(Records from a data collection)
[Start of Attachment]

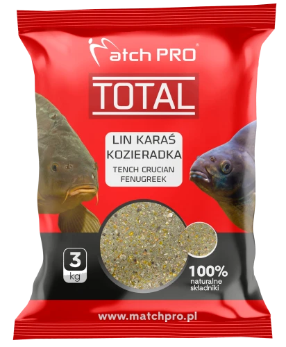 Zanęta MatchPro Total Lin Karaś Kozieradka 1 kg to mieszanka stworzona typowo pod liny i karasie, ale sprawdza się też na inne ryby karpiowate.
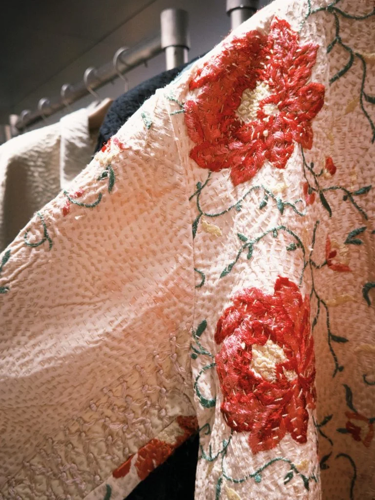 BY WALID的服飾沒有流水線的生產模式,每一件都是孤品,每一塊布料都有它的前世今生。品牌的核心,是使用真正的古董布料—不是復古風格的仿品,而是實打實百年以上歷史的紡織品。從十九世紀甚至更早的亞麻布,到中國清朝的刺繡、法國的鉤針蕾絲、威尼斯的手工花邊,每一種材料都曾見證時間的流動。
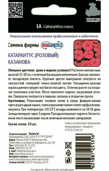 Сервис сравнения цен СкидкаГИД предлагает сравнить цены на товар «Семена цветов Поиск катарантус Казанова 10 шт.»
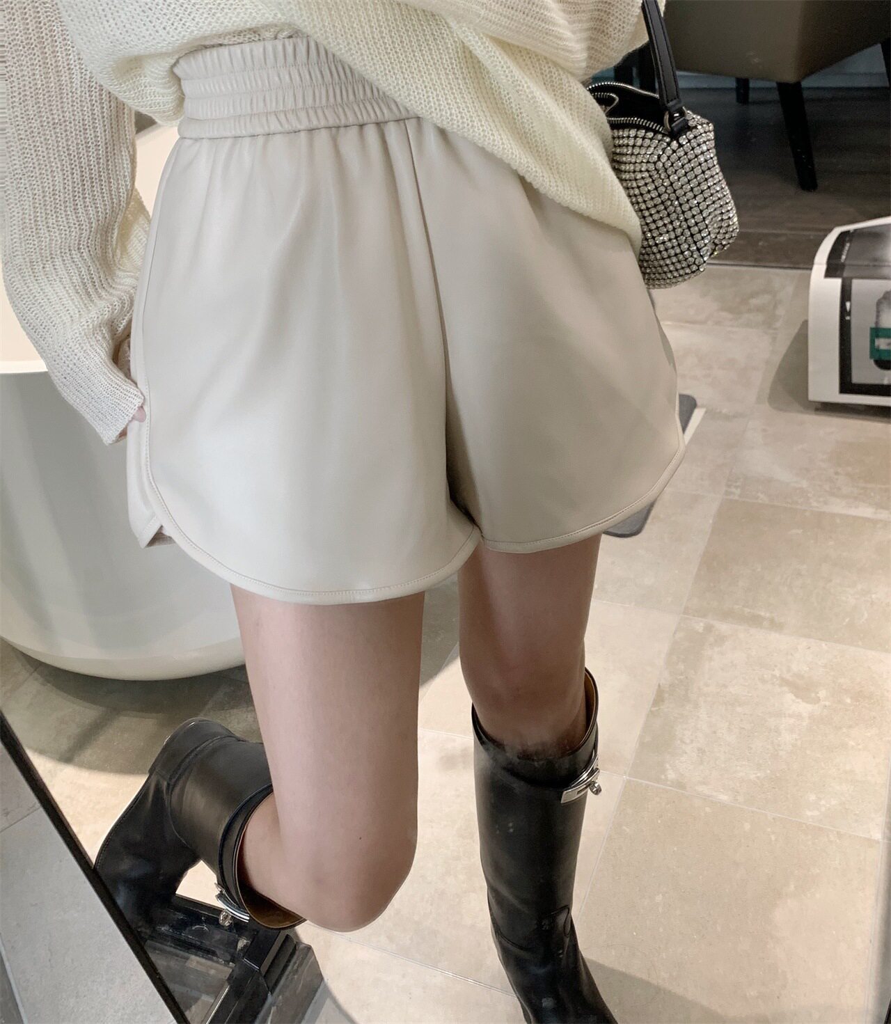 ![]() | [Название стиля]: разноцветные широкие шорты из искусственной кожи.
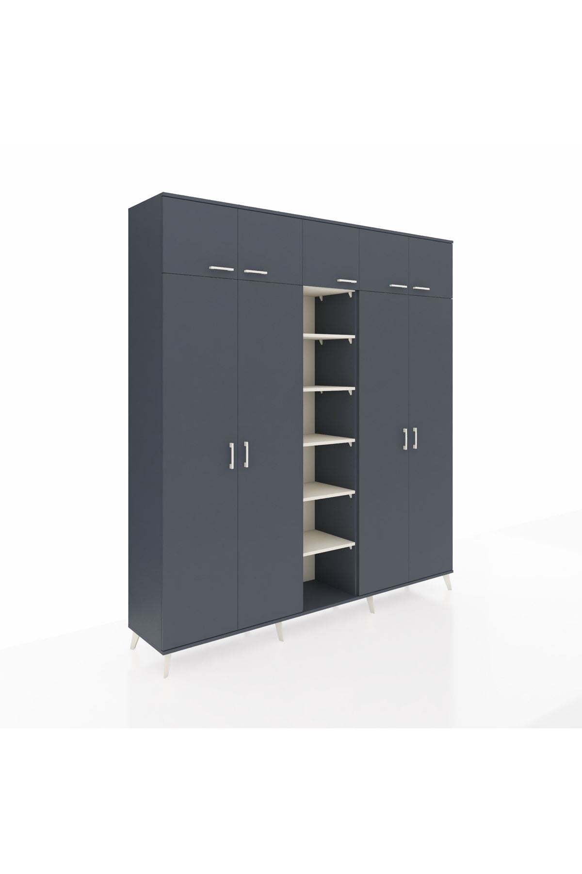 Hyperion Dolap 12 Raflı 9 Kapaklı 2 Askılı 220x44x243 Antrasit-Antrasit/Aytaşı
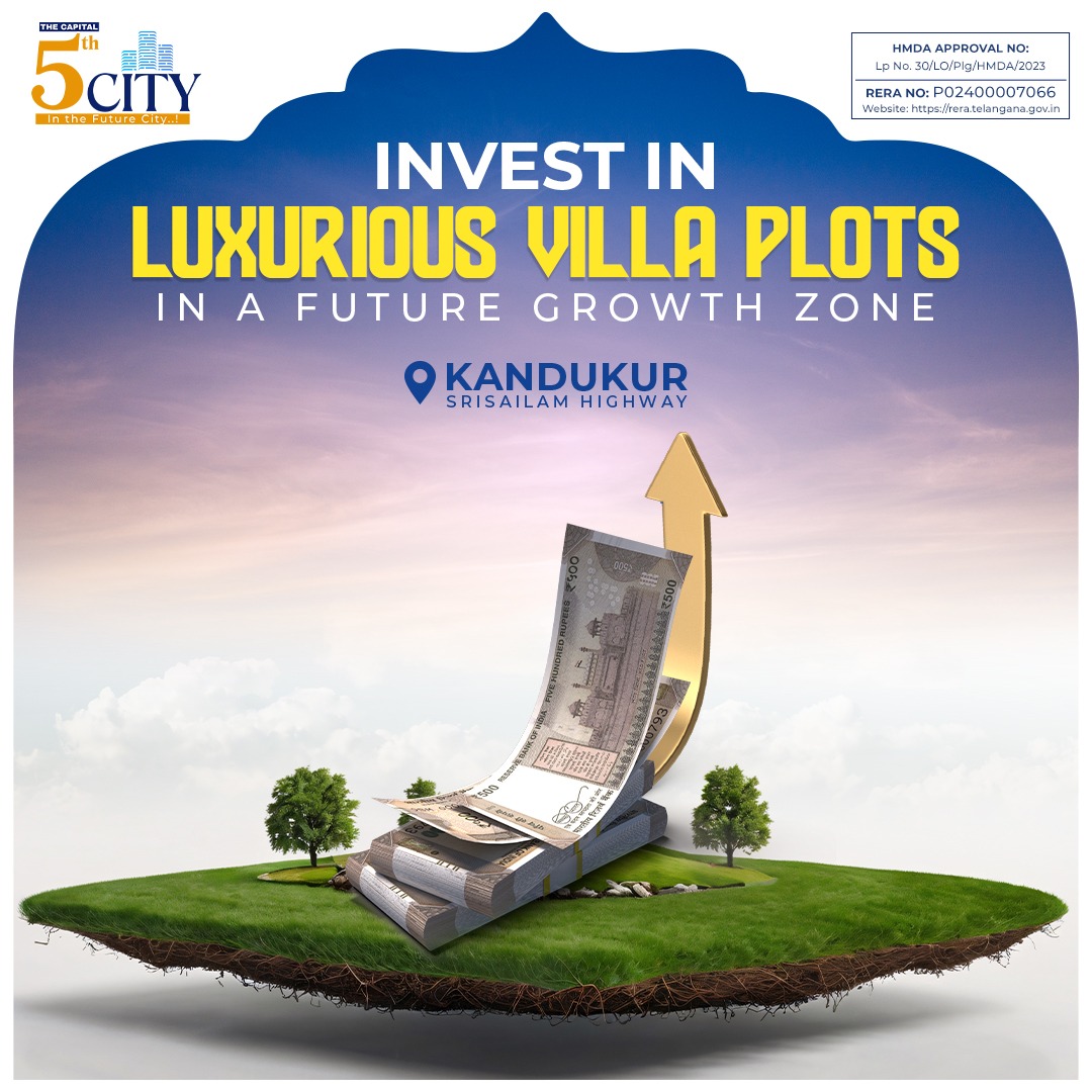 A stunning entrance gate and a 70-ft access road welcome you into this premium venture. The Capital 5th City is an HMDA and RERA-approved villa plot project spread across 32.6 acres of scenic landscape. It offers 403 clear-title plots starting from 150 sq. yards. The vaasthu-compliant layout ensures comfort and harmony, while modern infrastructure and amenities support a secure lifestyle. An exclusive clubhouse set amidst lush greenery offers the perfect space for leisure, relaxation, and community living.
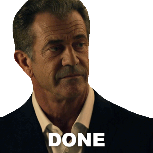 Mel Gibson as Stonebanks from The Expendables 3, with 'DONE' text. A powerful reaction sticker.
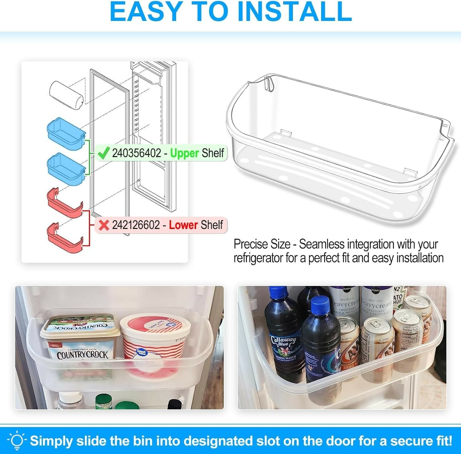 Notice - Before Purchase: Only fits top 2 shelves of side-by-side refrigerator models. Maximum Length: 15.38", Front Height: 5", Depth: 6.65". NOT compatible with models 240324502, 240363702, 216959802, 241505501, 241505301. Please check your refrigerator door shelf size carefully before purchasing.
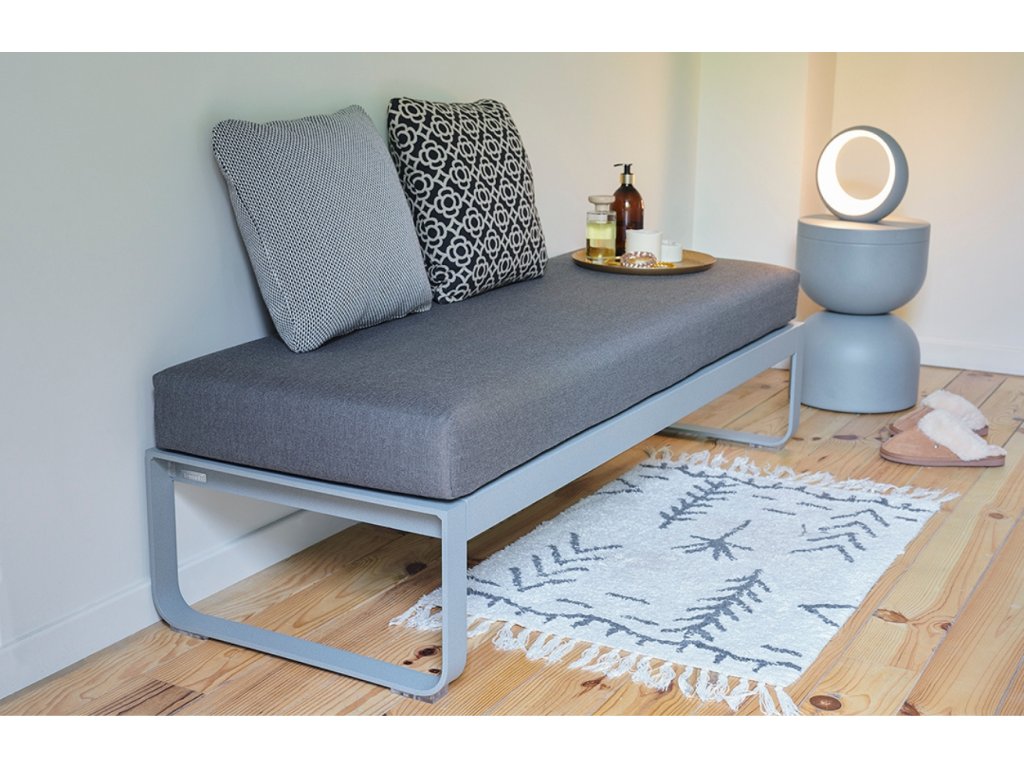 Az időtálló, elegáns, stílusos Bellevie pad nemcsak a kültéri ülőalkalmatosságok, hanem a belső ter ek számára is remek választás lesz. A kellemes Sunbrella szövetkárpitozás garantálja a tartósságot, mind a vízzel, mind az UV-sugarakkal szemben. Ezeknek a tulajdonságoknak köszönhetően nem kell aggódnia a rossz időjárás miatt, és a színtartóság miatt sem kell aggódnia. A légies alumínium talp egy kis személyiséget kölcsönöz a padnak, és teljessé teszi a letisztult dizájn megjelenését. A Bellevie pad a Bellevie termékcsalád más darabjai mellett párnákkal együtt mutat a legjobban. Egészítse ki álmai kerti együttesét.
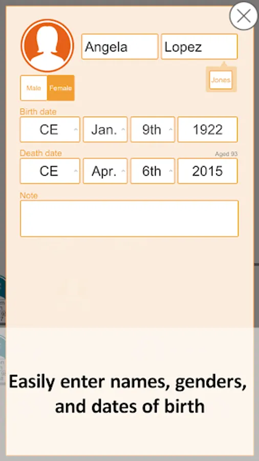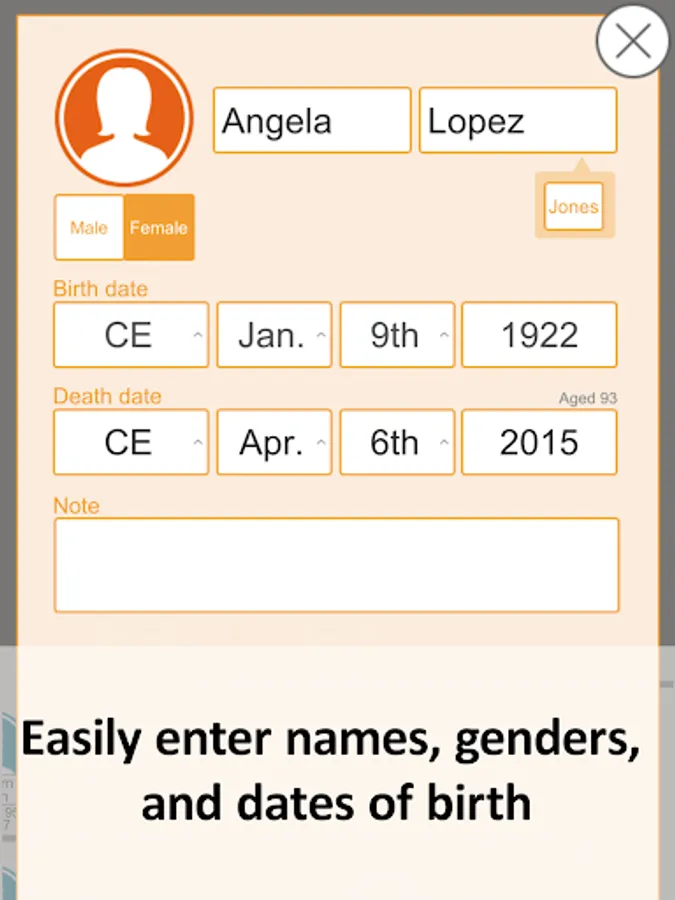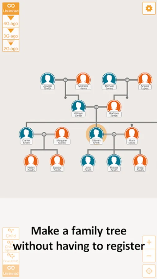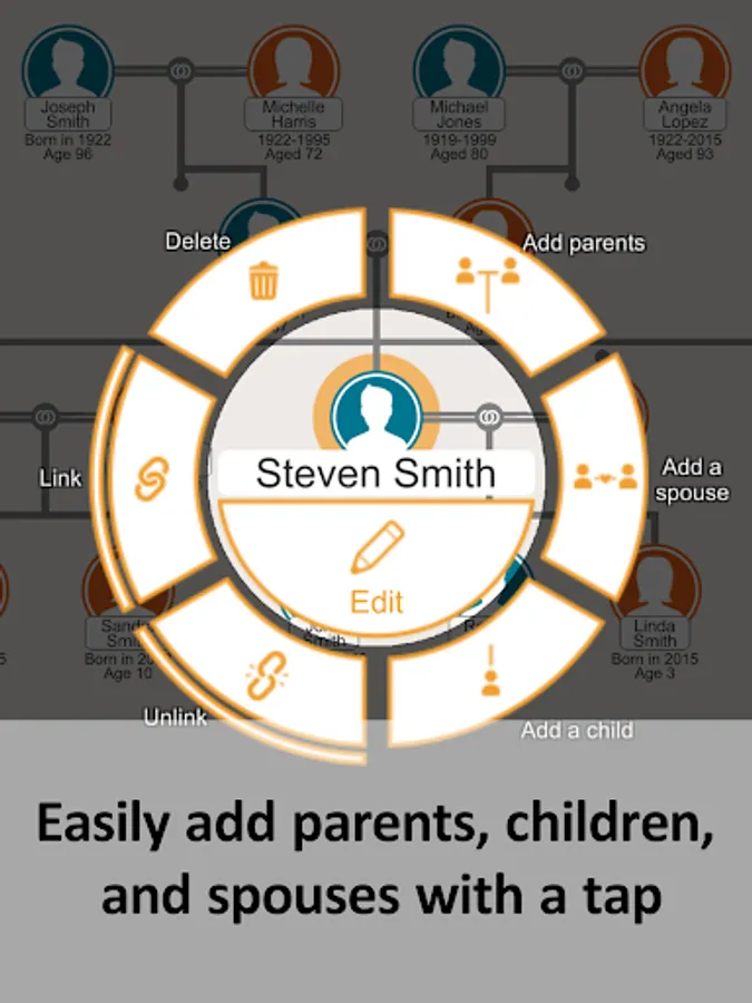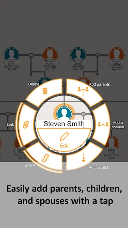 You can easily add parents, children, and spouses just by tapping. Family trees can be created intuitively. The display order of siblings can also be easily changed through drag and drop.
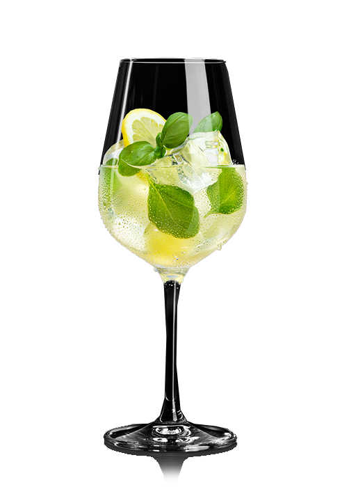 Ramazzotti Aperitivo Rosato und Pfirsichsaft in ein Weinglas geben und mit Eiswürfeln füllen. Mit Schweppes Soda Water auffüllen und umrühren. Den Drink mit Basilikumblättern und Zitrone garnieren.
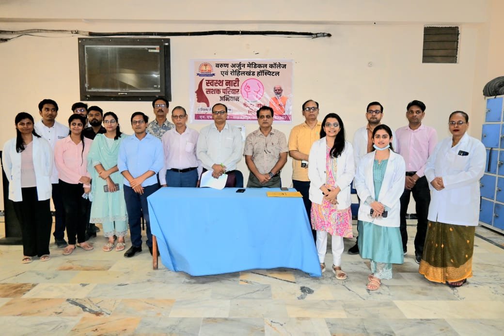 On September 24, 2025, Varun Arjun Medical College & Rohilkhand Hospital successfully held a Cancer Screening Camp as part of the “Swasth Naari, Sashakt Parivar Abhiyan– 2025.” The event, jointly organized by the General Surgery and Dental Departments, focused on the early detection and prevention of breast, oral, and cervical cancers.
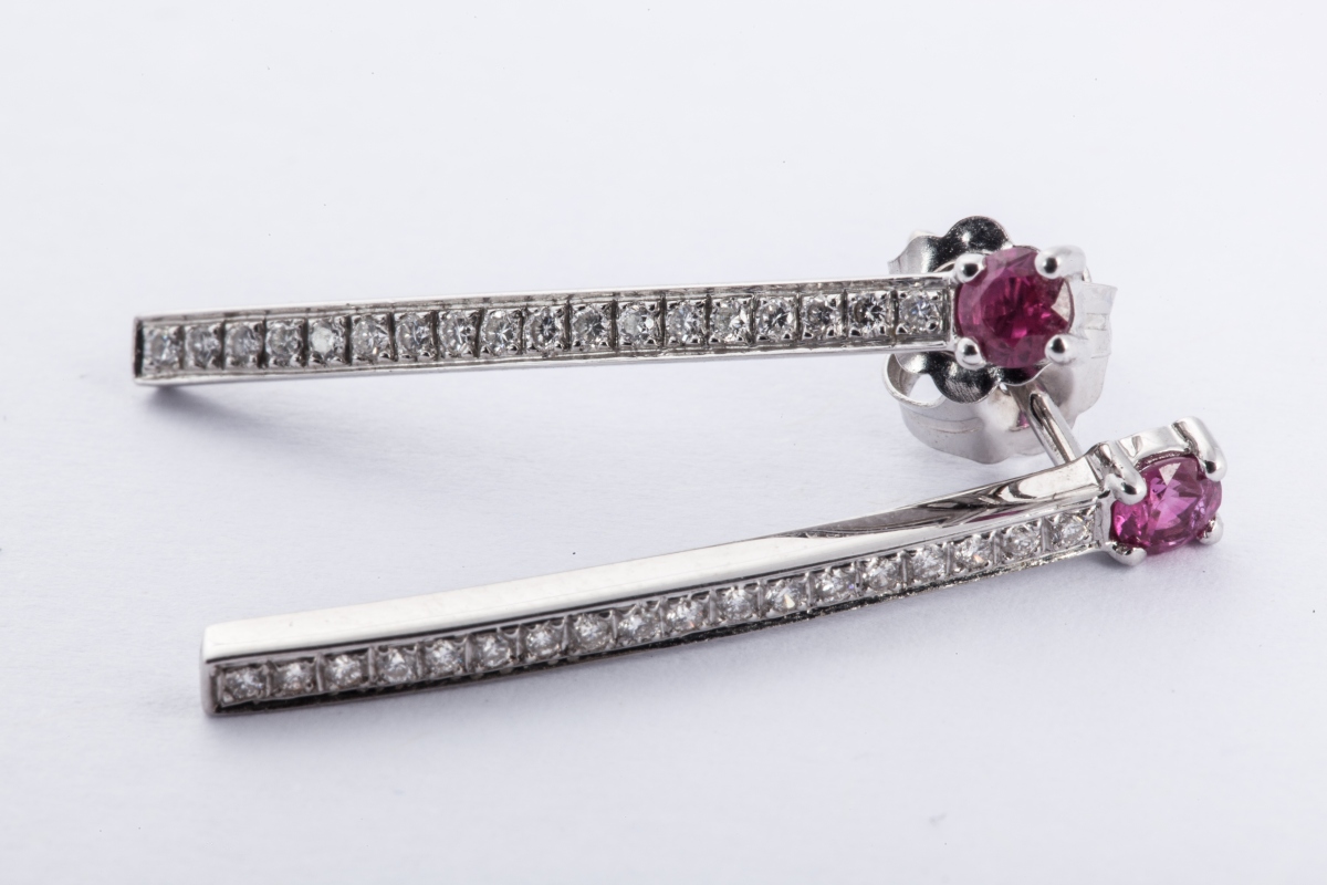 Paire de PENDANTS d' OREILLE en or gris, sertie d'une ligne de petits diamants et d'un rubis de forme ronde.

[End of Attachment]

:: Problem ::
Set down exactly and only the lines from the start of the entries above through the line containing "A stunning entrance", both ends included, omitting the pictures.

:: Written reply ::
 Zanęta MatchPro Total Lin Karaś Kozieradka 1 kg to mieszanka stworzona typowo pod liny i karasie, ale sprawdza się też na inne ryby karpiowate.
 BY WALID的服飾沒有流水線的生產模式,每一件都是孤品,每一塊布料都有它的前世今生。品牌的核心,是使用真正的古董布料—不是復古風格的仿品,而是實打實百年以上歷史的紡織品。從十九世紀甚至更早的亞麻布,到中國清朝的刺繡、法國的鉤針蕾絲、威尼斯的手工花邊,每一種材料都曾見證時間的流動。
 Сервис сравнения цен СкидкаГИД предлагает сравнить цены на товар «Семена цветов Поиск катарантус Казанова 10 шт.»
 ![]() | [Название стиля]: разноцветные широкие шорты из искусственной кожи.
 Hyperion Dolap 12 Raflı 9 Kapaklı 2 Askılı 220x44x243 Antrasit-Antrasit/Aytaşı
 A stunning entrance gate and a 70-ft access road welcome you into this premium venture. The Capital 5th City is an HMDA and RERA-approved villa plot project spread across 32.6 acres of scenic landscape. It offers 403 clear-title plots starting from 150 sq. yards. The vaasthu-compliant layout ensures comfort and harmony, while modern infrastructure and amenities support a secure lifestyle. An exclusive clubhouse set amidst lush greenery offers the perfect space for leisure, relaxation, and community living.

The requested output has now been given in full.